§ **Data section**:
-=-=-

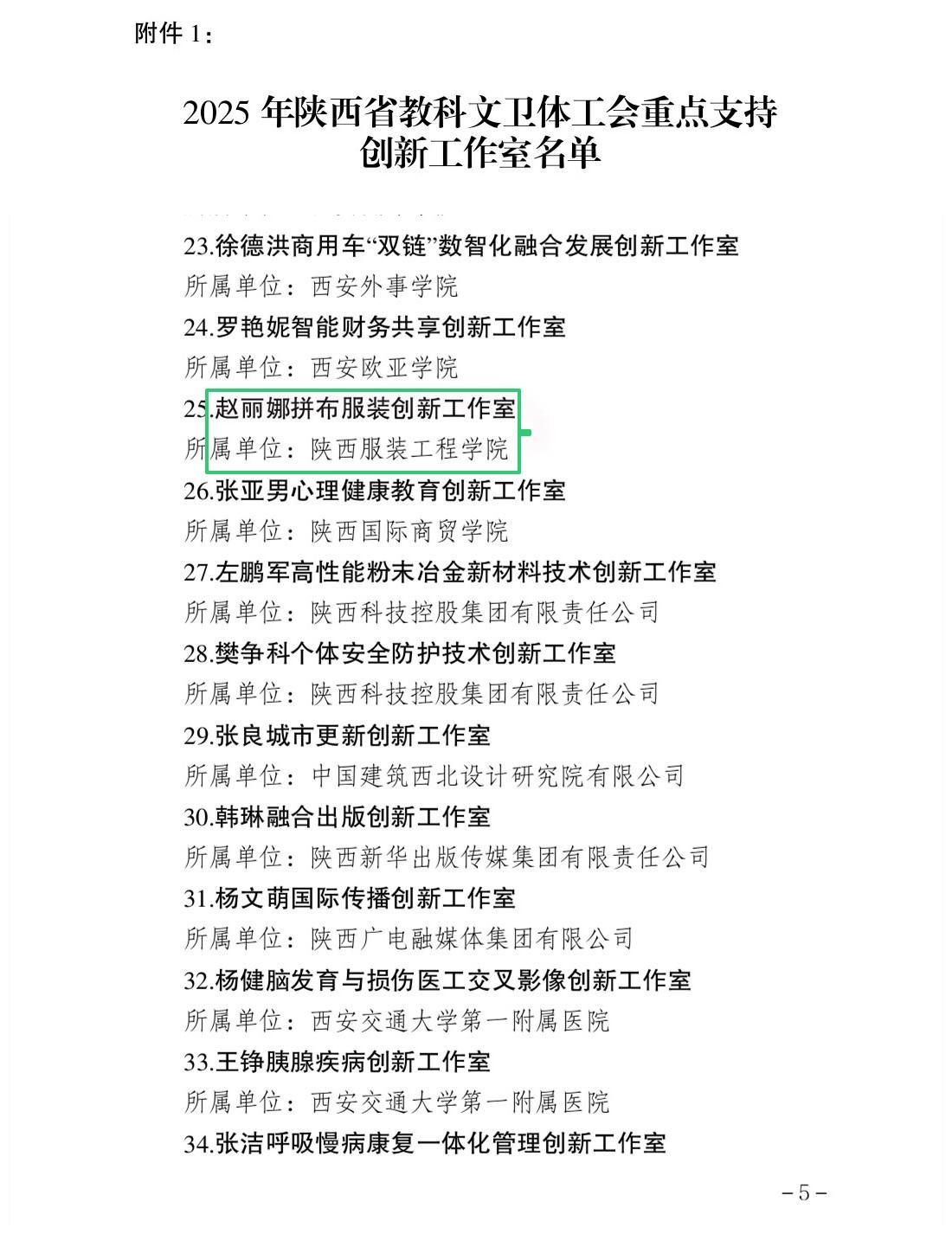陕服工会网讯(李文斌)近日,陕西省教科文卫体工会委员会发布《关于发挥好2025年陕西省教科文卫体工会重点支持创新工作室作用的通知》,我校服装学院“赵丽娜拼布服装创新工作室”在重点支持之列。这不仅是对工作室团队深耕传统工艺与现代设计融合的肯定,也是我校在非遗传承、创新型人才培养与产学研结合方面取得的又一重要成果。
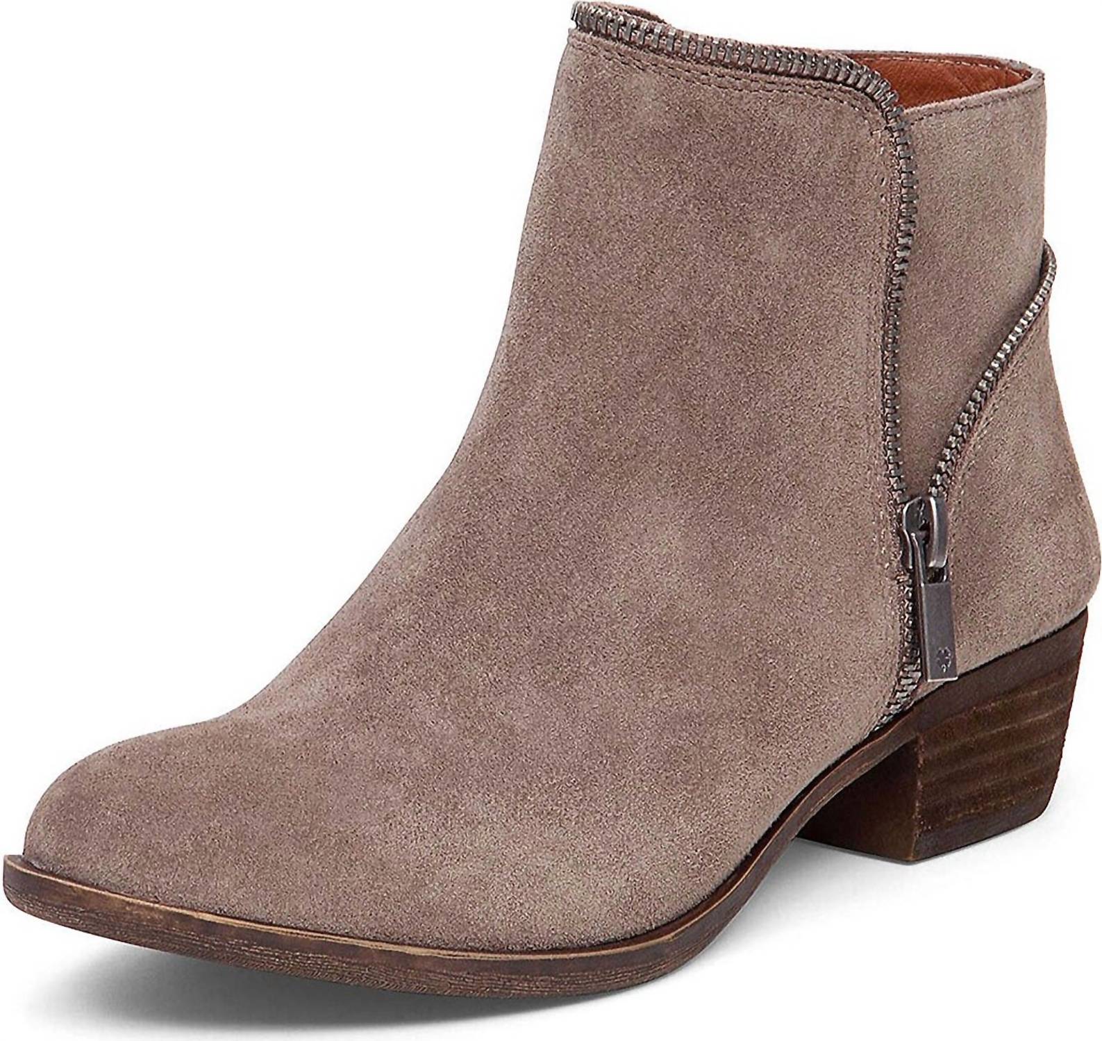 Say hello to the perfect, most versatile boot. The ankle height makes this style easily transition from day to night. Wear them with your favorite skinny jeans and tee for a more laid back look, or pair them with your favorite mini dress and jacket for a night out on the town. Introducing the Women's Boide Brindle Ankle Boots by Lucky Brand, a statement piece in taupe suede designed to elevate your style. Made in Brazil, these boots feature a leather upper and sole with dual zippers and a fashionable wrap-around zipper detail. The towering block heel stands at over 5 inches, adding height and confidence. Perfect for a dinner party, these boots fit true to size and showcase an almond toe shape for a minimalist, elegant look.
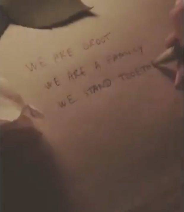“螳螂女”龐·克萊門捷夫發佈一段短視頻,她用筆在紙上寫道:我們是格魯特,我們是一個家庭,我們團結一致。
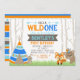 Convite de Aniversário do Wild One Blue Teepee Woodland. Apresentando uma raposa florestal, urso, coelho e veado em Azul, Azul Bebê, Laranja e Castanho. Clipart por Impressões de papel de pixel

-=-=-

§ **Required action**: Please copy the data shown above precisely, leaving the images out.

§ **Written reply**:
陕服工会网讯(李文斌)近日,陕西省教科文卫体工会委员会发布《关于发挥好2025年陕西省教科文卫体工会重点支持创新工作室作用的通知》,我校服装学院“赵丽娜拼布服装创新工作室”在重点支持之列。这不仅是对工作室团队深耕传统工艺与现代设计融合的肯定,也是我校在非遗传承、创新型人才培养与产学研结合方面取得的又一重要成果。
 Say hello to the perfect, most versatile boot. The ankle height makes this style easily transition from day to night. Wear them with your favorite skinny jeans and tee for a more laid back look, or pair them with your favorite mini dress and jacket for a night out on the town. Introducing the Women's Boide Brindle Ankle Boots by Lucky Brand, a statement piece in taupe suede designed to elevate your style. Made in Brazil, these boots feature a leather upper and sole with dual zippers and a fashionable wrap-around zipper detail. The towering block heel stands at over 5 inches, adding height and confidence. Perfect for a dinner party, these boots fit true to size and showcase an almond toe shape for a minimalist, elegant look.
“螳螂女”龐·克萊門捷夫發佈一段短視頻,她用筆在紙上寫道:我們是格魯特,我們是一個家庭,我們團結一致。
 Convite de Aniversário do Wild One Blue Teepee Woodland. Apresentando uma raposa florestal, urso, coelho e veado em Azul, Azul Bebê, Laranja e Castanho. Clipart por Impressões de papel de pixel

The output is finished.